Source records:
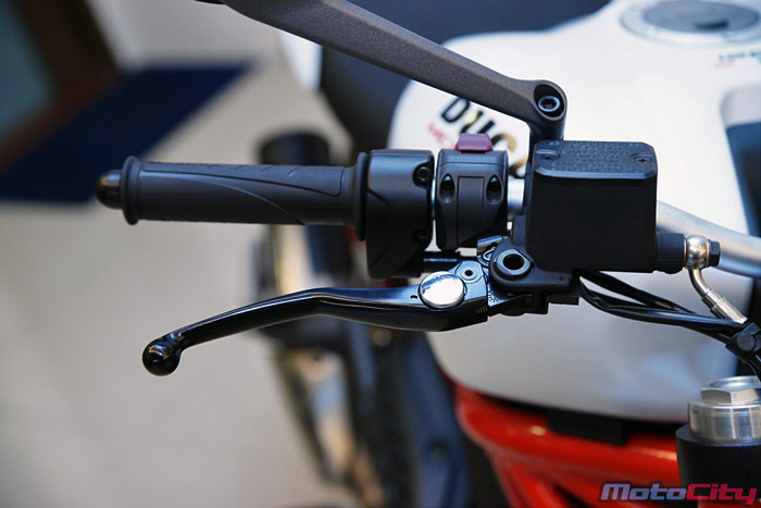 煞車拉桿為油壓式,可做四段間距調整 離合器拉桿則為鋼索式
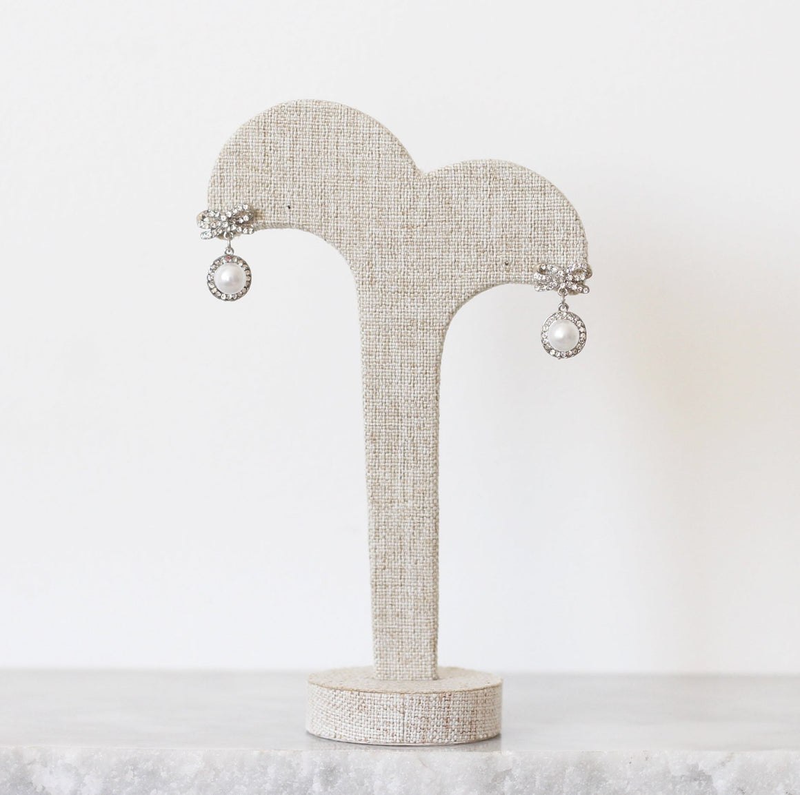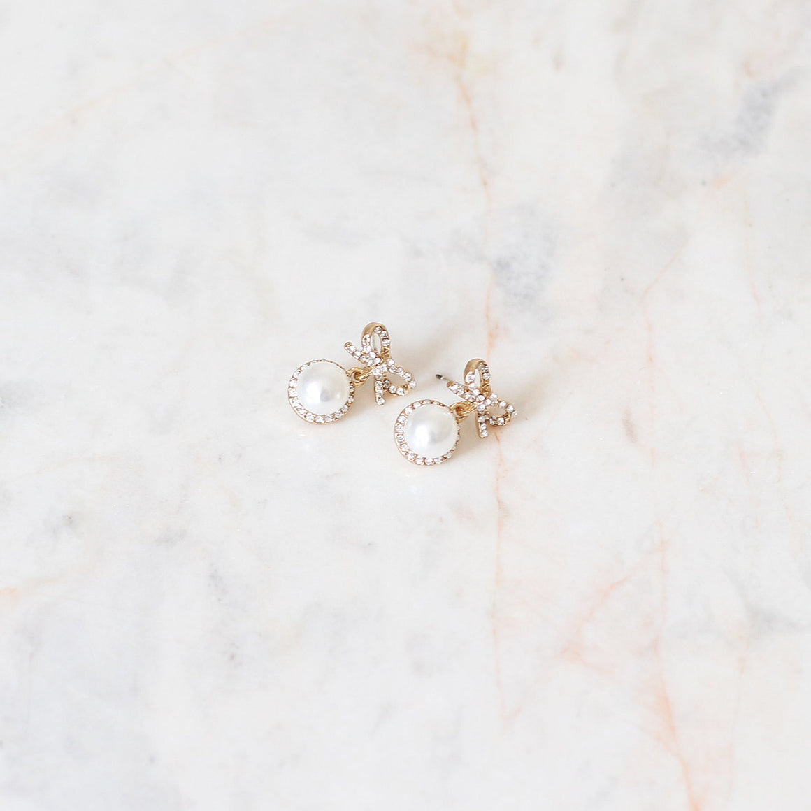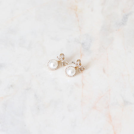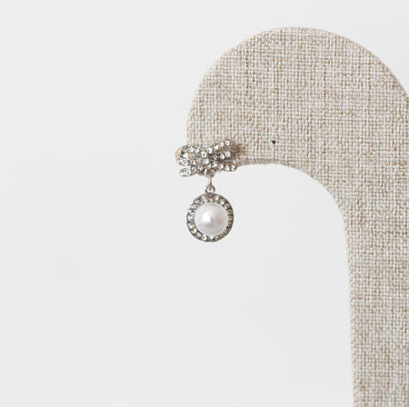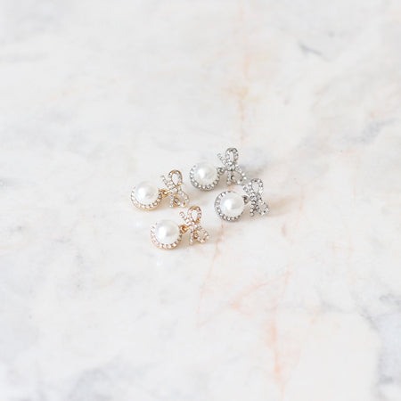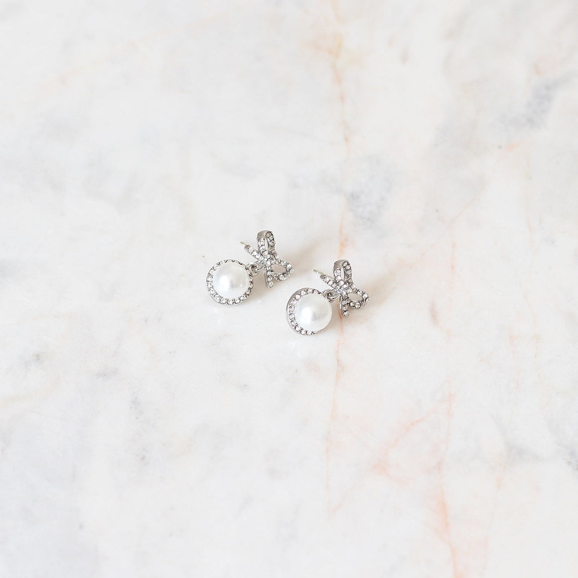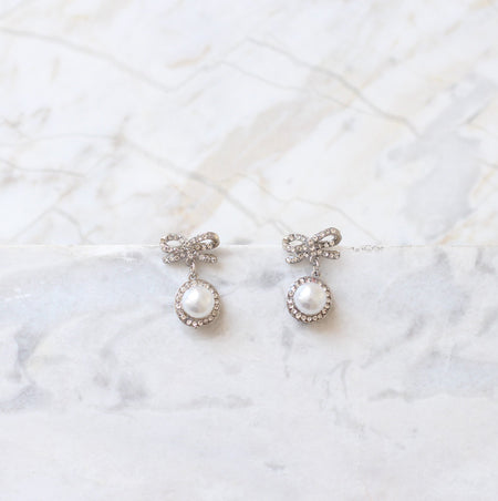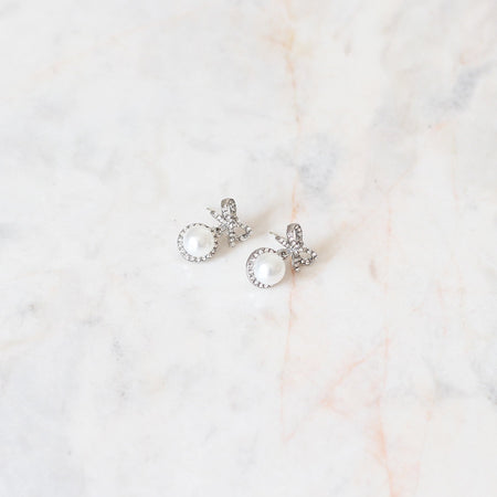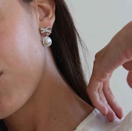 Aretes en baño de oro blanco con lazo en la parte superior y perla colgante.
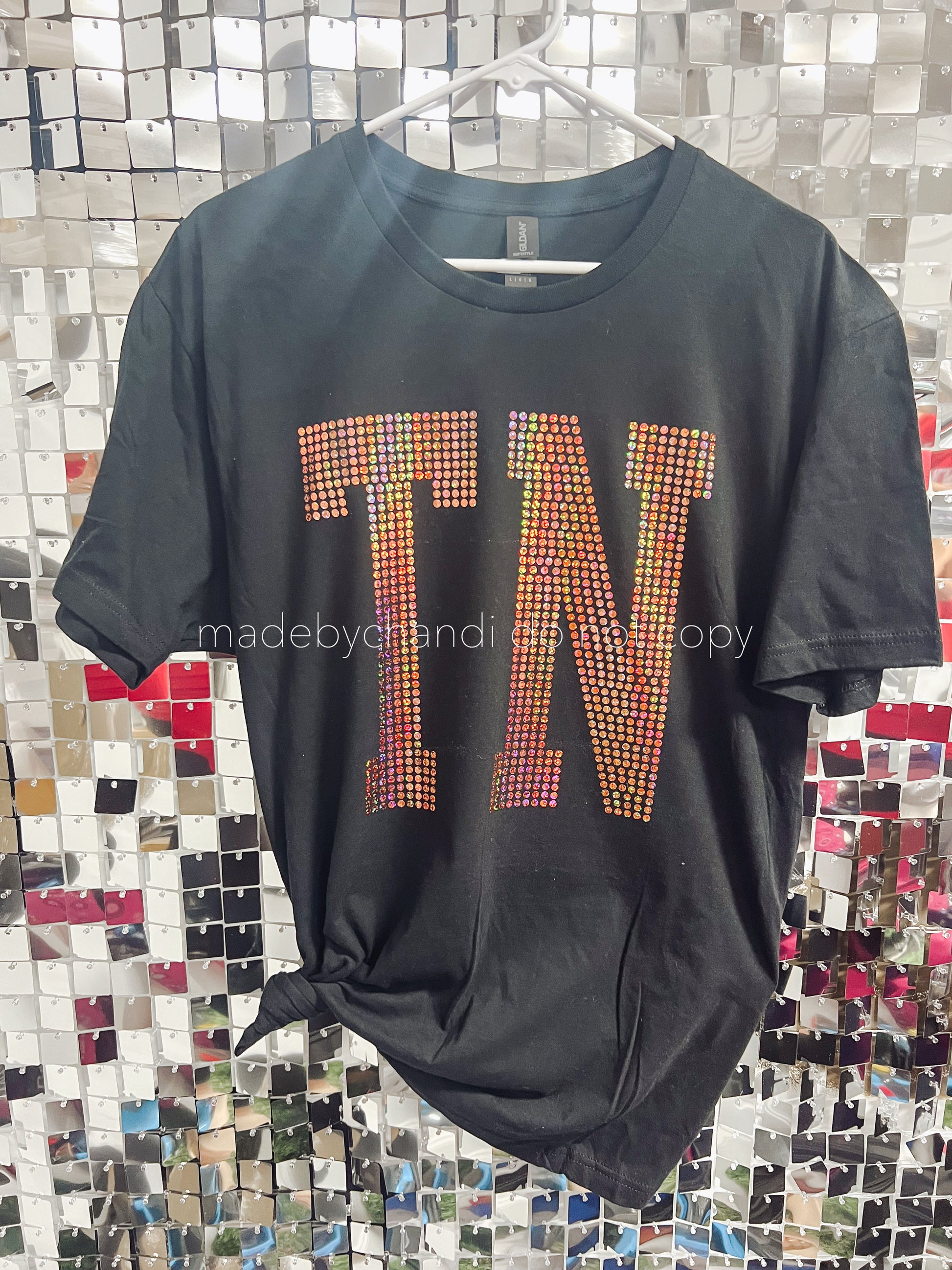 Black Gildan Softstyle Unisex tee with orange disco dots. Size up for an oversized fit.
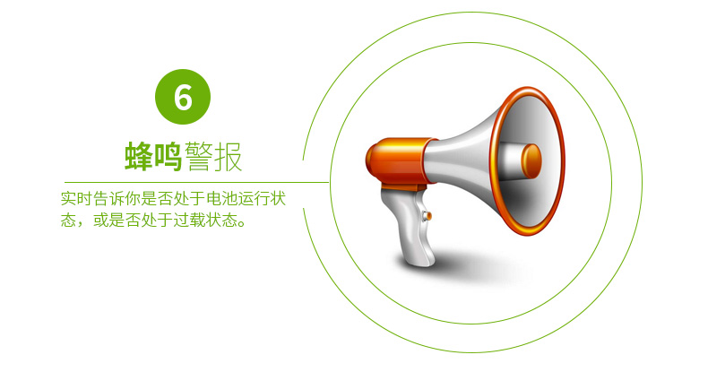 有聲報(bào)警:實(shí)時(shí)告訴你系統(tǒng)是否處于電池運(yùn)行狀態(tài),電池電壓是否低,或是否處于過(guò)載狀態(tài)。
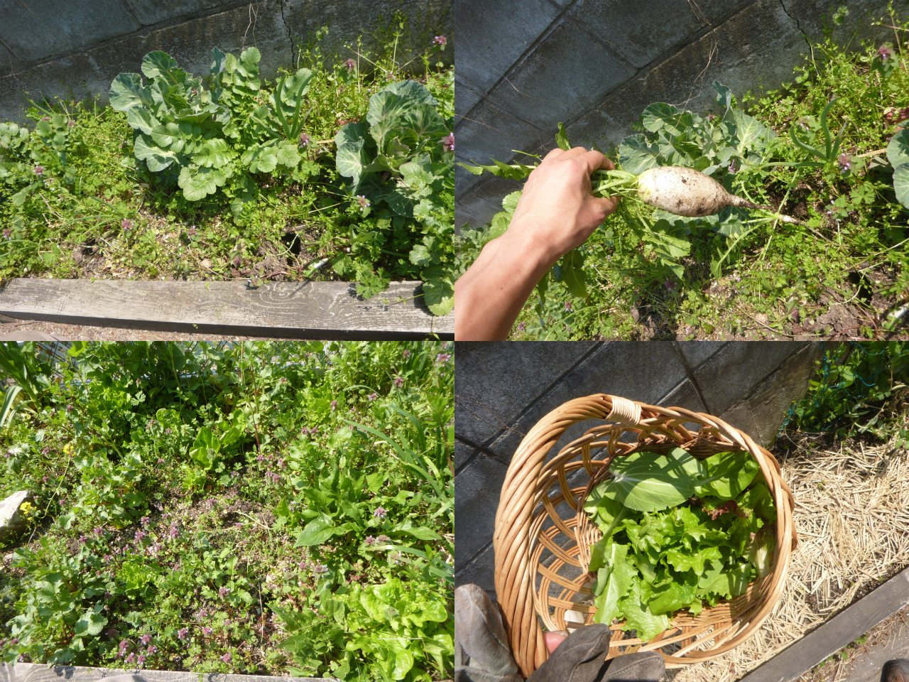 一見、雑草だらけにみえるが、おろし醤油ダレの為の大根やサンチュ、チンゲンサイなど。
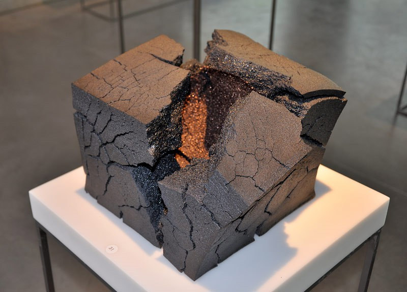 Por su parte, Joan Serra ocupa la sala destinada a artistas invitados con su exposición “Evolutions Thermiques de la Terre”, en la que los visitantes encuentran la investigación de Serra con el uso de las propiedades físicas de las pastas cerámicas: “Mi trabajo no es una abstracción de la realidad, son realidades”. Joan Serra busca en el comportamiento de las pastas cerámicas una forma de atrapar un momento crítico, en el que se aprecie el tránsito entre la pieza original y la obra final, congelando elmomento en el que esa transformación se está realizando.
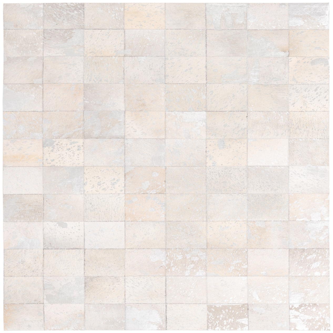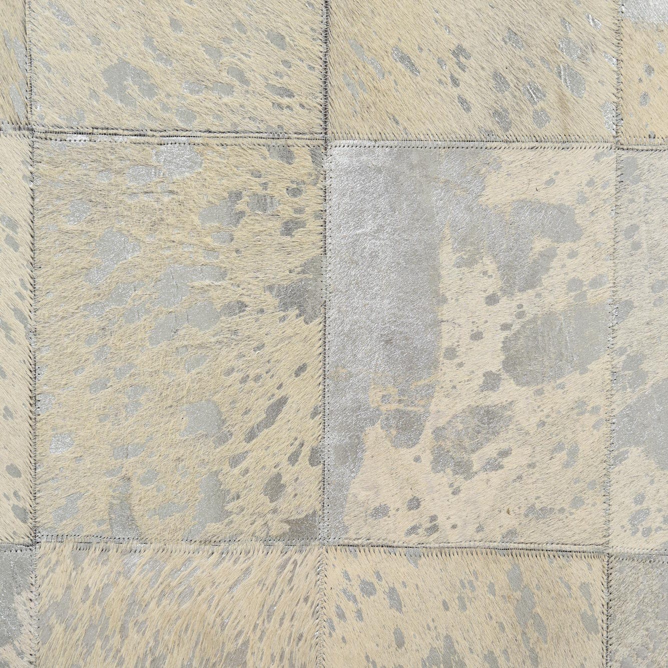 The Cowhide collection presents a handcrafted 5x8 area rug made from a blend of cowhide and leather, offering a sophisticated and textured addition to any interior. This piece features a mosaic of neutral tones with a predominant gray background, complemented by hues of beige, cream, ivory, and subtle silver accents. Each patchwork square showcases a unique pattern and a variety of textures that come together to create a cohesive, understated elegance.

#### WORK INSTRUCTIONS:
Transcribe the records above exactly and drop every picture.

#### RESPONSE AREA:
 煞車拉桿為油壓式,可做四段間距調整 離合器拉桿則為鋼索式
 Aretes en baño de oro blanco con lazo en la parte superior y perla colgante.
 Black Gildan Softstyle Unisex tee with orange disco dots. Size up for an oversized fit.
 有聲報(bào)警:實(shí)時(shí)告訴你系統(tǒng)是否處于電池運(yùn)行狀態(tài),電池電壓是否低,或是否處于過(guò)載狀態(tài)。
 一見、雑草だらけにみえるが、おろし醤油ダレの為の大根やサンチュ、チンゲンサイなど。
 Por su parte, Joan Serra ocupa la sala destinada a artistas invitados con su exposición “Evolutions Thermiques de la Terre”, en la que los visitantes encuentran la investigación de Serra con el uso de las propiedades físicas de las pastas cerámicas: “Mi trabajo no es una abstracción de la realidad, son realidades”. Joan Serra busca en el comportamiento de las pastas cerámicas una forma de atrapar un momento crítico, en el que se aprecie el tránsito entre la pieza original y la obra final, congelando elmomento en el que esa transformación se está realizando.
 The Cowhide collection presents a handcrafted 5x8 area rug made from a blend of cowhide and leather, offering a sophisticated and textured addition to any interior. This piece features a mosaic of neutral tones with a predominant gray background, complemented by hues of beige, cream, ivory, and subtle silver accents. Each patchwork square showcases a unique pattern and a variety of textures that come together to create a cohesive, understated elegance.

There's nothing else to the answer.